> Task description: Starting at the line that holds "Alcune cifre sono", restate every line word for word up to and including the last one in the listing below, and omit all pictures.
Start of Input records
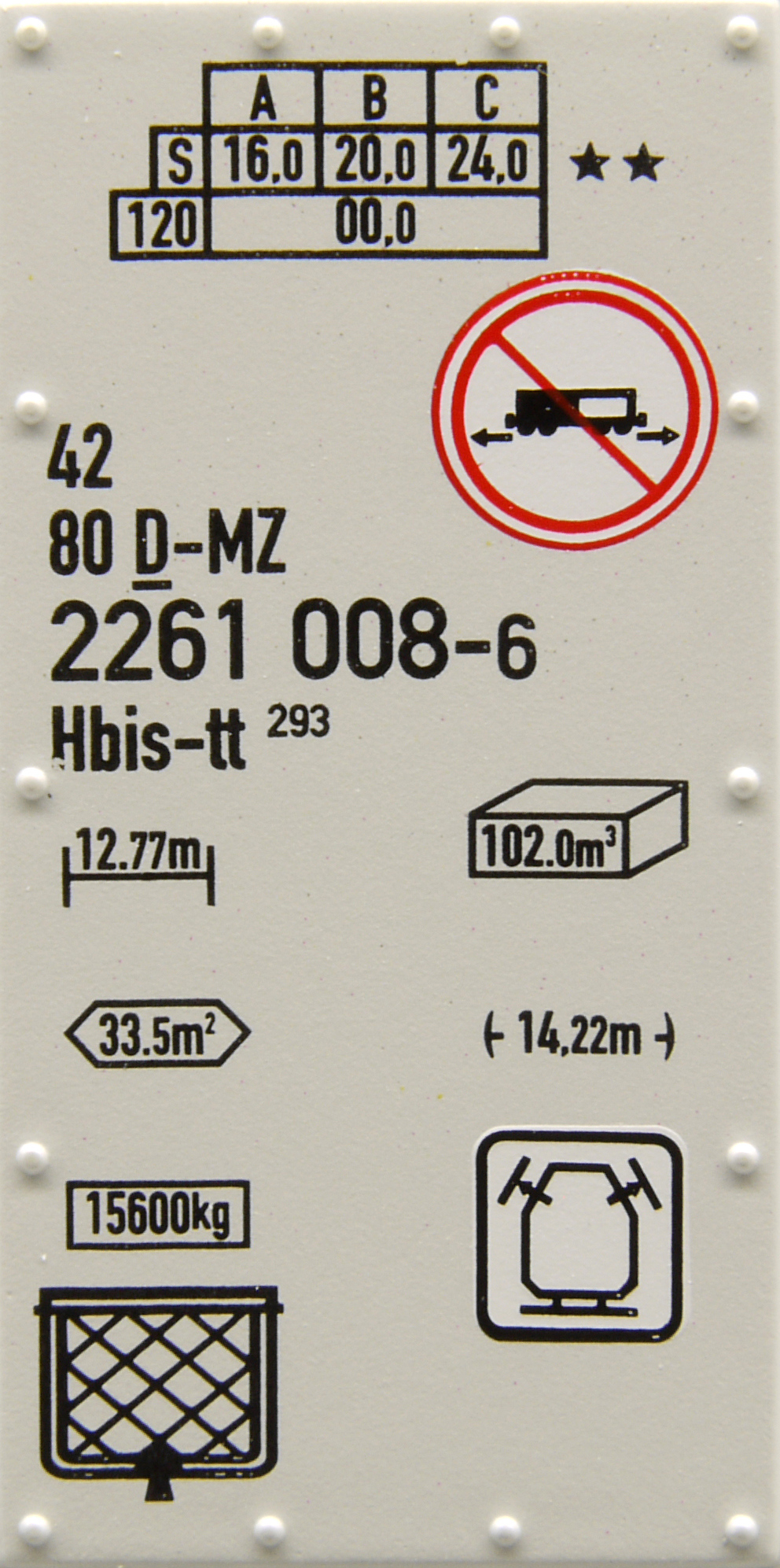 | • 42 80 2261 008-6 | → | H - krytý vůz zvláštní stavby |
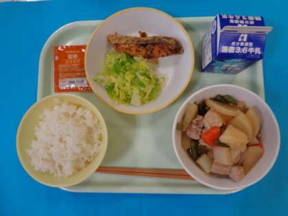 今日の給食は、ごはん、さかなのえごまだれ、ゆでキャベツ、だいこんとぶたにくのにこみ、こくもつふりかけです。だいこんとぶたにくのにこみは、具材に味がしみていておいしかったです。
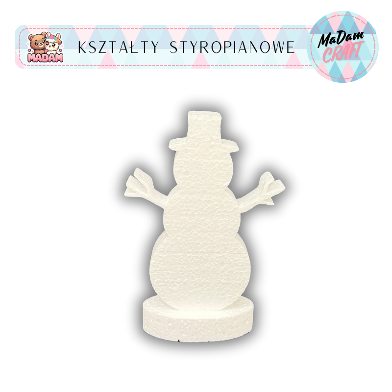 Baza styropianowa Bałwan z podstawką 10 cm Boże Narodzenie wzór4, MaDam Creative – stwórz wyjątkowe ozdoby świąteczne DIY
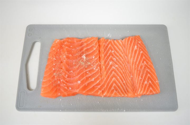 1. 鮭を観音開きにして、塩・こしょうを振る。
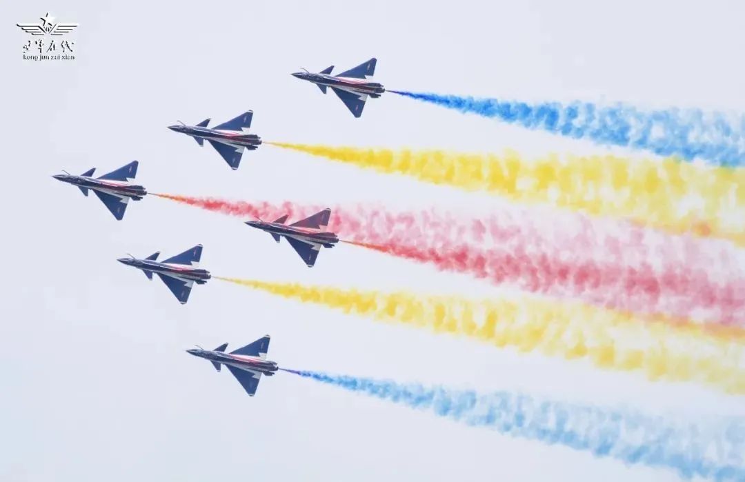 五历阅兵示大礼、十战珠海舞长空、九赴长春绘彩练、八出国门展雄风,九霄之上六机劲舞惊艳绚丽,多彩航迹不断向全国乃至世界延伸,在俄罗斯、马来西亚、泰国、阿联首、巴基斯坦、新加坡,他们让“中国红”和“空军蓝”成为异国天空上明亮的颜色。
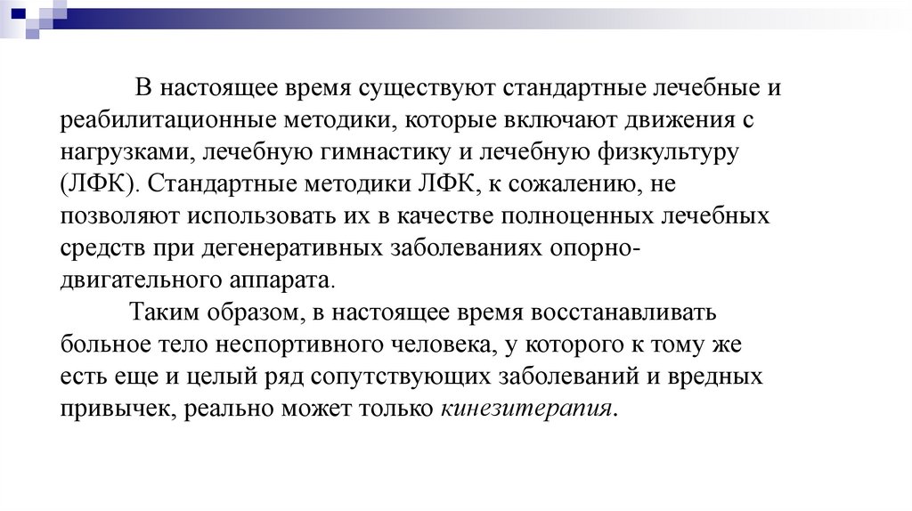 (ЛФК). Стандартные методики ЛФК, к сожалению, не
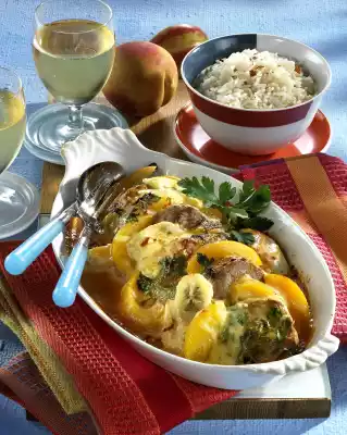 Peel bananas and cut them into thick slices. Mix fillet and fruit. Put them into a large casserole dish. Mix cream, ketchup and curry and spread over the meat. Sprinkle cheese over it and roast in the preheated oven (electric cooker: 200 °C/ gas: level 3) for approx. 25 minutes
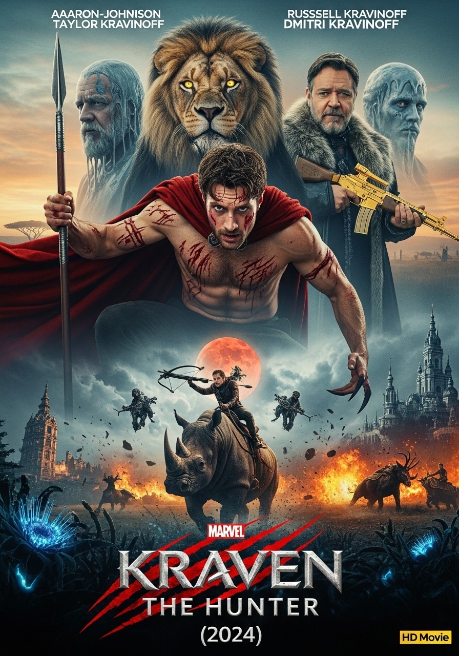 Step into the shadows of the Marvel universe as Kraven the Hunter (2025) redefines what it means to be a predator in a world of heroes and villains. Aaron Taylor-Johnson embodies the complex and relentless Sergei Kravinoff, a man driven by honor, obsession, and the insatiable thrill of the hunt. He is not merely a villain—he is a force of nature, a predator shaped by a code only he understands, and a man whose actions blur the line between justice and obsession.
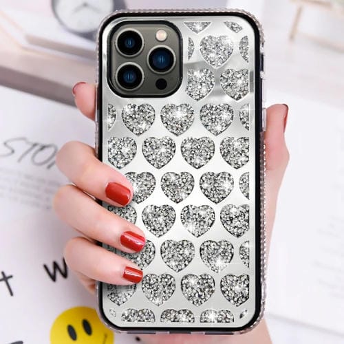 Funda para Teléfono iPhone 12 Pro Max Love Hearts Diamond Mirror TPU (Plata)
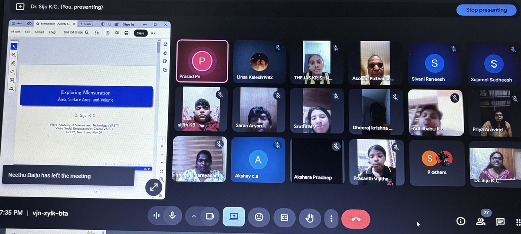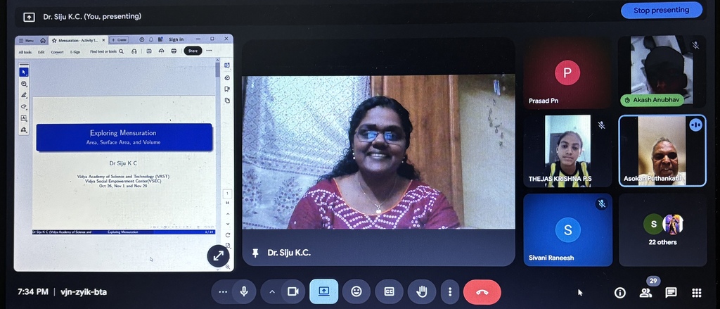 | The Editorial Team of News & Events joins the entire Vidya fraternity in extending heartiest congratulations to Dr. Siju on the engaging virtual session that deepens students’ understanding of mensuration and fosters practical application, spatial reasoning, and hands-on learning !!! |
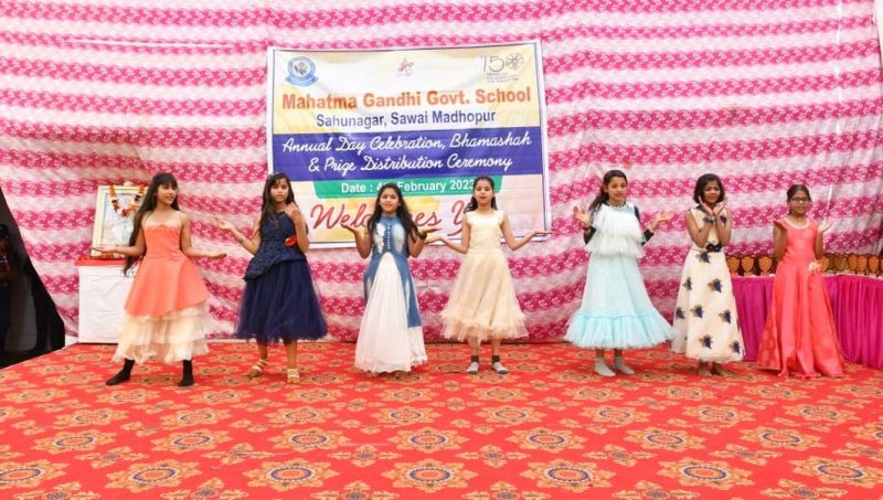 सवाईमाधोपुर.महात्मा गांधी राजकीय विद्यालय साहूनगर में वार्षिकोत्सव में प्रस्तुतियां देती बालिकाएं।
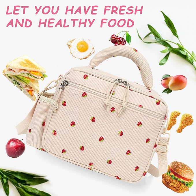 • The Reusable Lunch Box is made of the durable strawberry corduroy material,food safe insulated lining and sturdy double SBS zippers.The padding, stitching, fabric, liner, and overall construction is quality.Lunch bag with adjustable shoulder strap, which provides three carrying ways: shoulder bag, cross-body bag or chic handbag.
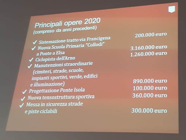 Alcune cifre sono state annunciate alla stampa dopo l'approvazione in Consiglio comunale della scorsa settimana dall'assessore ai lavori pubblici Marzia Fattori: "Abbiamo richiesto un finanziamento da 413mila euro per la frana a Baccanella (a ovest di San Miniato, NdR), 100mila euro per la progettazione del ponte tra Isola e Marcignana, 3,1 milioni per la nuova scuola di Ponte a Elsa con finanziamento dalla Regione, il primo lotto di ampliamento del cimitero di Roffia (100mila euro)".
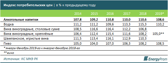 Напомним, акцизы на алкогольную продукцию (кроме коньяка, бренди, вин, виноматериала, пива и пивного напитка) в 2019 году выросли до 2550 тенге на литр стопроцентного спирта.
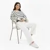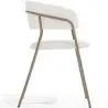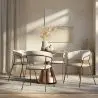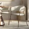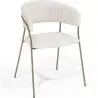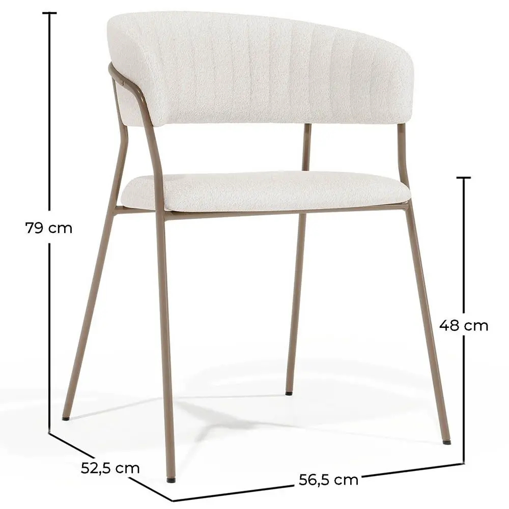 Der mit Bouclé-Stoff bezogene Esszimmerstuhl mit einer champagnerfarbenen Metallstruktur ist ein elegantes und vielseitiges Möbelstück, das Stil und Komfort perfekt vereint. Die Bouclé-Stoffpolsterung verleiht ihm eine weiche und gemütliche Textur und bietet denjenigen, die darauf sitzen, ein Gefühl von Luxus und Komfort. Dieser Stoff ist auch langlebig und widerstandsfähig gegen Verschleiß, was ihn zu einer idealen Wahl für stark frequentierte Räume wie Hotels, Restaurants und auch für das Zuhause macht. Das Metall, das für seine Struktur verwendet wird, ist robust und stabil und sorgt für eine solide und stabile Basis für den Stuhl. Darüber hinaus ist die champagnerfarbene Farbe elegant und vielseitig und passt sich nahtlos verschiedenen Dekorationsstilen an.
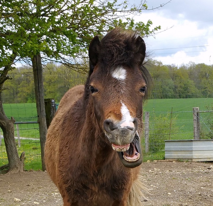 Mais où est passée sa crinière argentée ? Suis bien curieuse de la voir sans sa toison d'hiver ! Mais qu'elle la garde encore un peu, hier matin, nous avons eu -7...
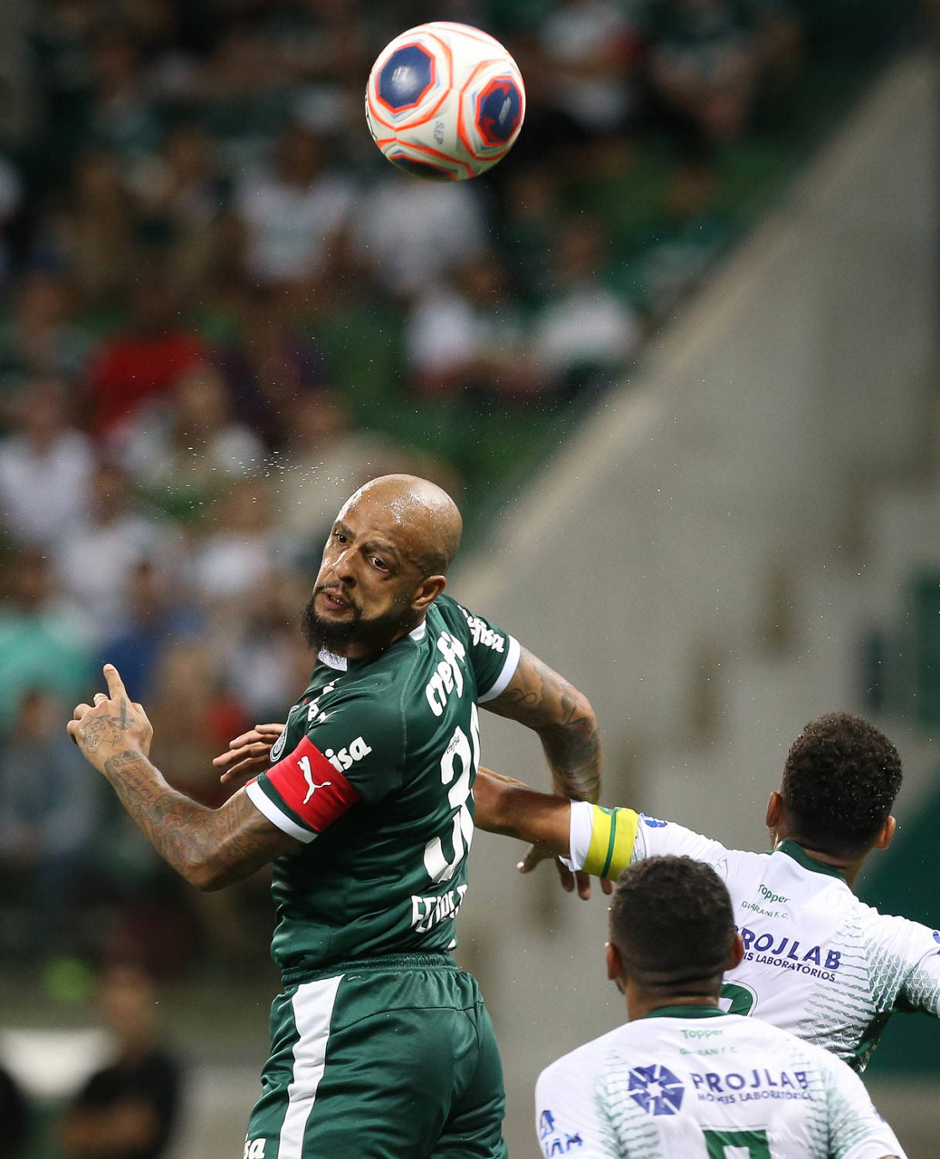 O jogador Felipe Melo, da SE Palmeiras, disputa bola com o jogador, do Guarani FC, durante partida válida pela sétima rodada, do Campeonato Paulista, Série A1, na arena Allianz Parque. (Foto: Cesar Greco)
End of Input records
> Problem solution:
 Alcune cifre sono state annunciate alla stampa dopo l'approvazione in Consiglio comunale della scorsa settimana dall'assessore ai lavori pubblici Marzia Fattori: "Abbiamo richiesto un finanziamento da 413mila euro per la frana a Baccanella (a ovest di San Miniato, NdR), 100mila euro per la progettazione del ponte tra Isola e Marcignana, 3,1 milioni per la nuova scuola di Ponte a Elsa con finanziamento dalla Regione, il primo lotto di ampliamento del cimitero di Roffia (100mila euro)".
 Напомним, акцизы на алкогольную продукцию (кроме коньяка, бренди, вин, виноматериала, пива и пивного напитка) в 2019 году выросли до 2550 тенге на литр стопроцентного спирта.
 Der mit Bouclé-Stoff bezogene Esszimmerstuhl mit einer champagnerfarbenen Metallstruktur ist ein elegantes und vielseitiges Möbelstück, das Stil und Komfort perfekt vereint. Die Bouclé-Stoffpolsterung verleiht ihm eine weiche und gemütliche Textur und bietet denjenigen, die darauf sitzen, ein Gefühl von Luxus und Komfort. Dieser Stoff ist auch langlebig und widerstandsfähig gegen Verschleiß, was ihn zu einer idealen Wahl für stark frequentierte Räume wie Hotels, Restaurants und auch für das Zuhause macht. Das Metall, das für seine Struktur verwendet wird, ist robust und stabil und sorgt für eine solide und stabile Basis für den Stuhl. Darüber hinaus ist die champagnerfarbene Farbe elegant und vielseitig und passt sich nahtlos verschiedenen Dekorationsstilen an.
 Mais où est passée sa crinière argentée ? Suis bien curieuse de la voir sans sa toison d'hiver ! Mais qu'elle la garde encore un peu, hier matin, nous avons eu -7...
 O jogador Felipe Melo, da SE Palmeiras, disputa bola com o jogador, do Guarani FC, durante partida válida pela sétima rodada, do Campeonato Paulista, Série A1, na arena Allianz Parque. (Foto: Cesar Greco)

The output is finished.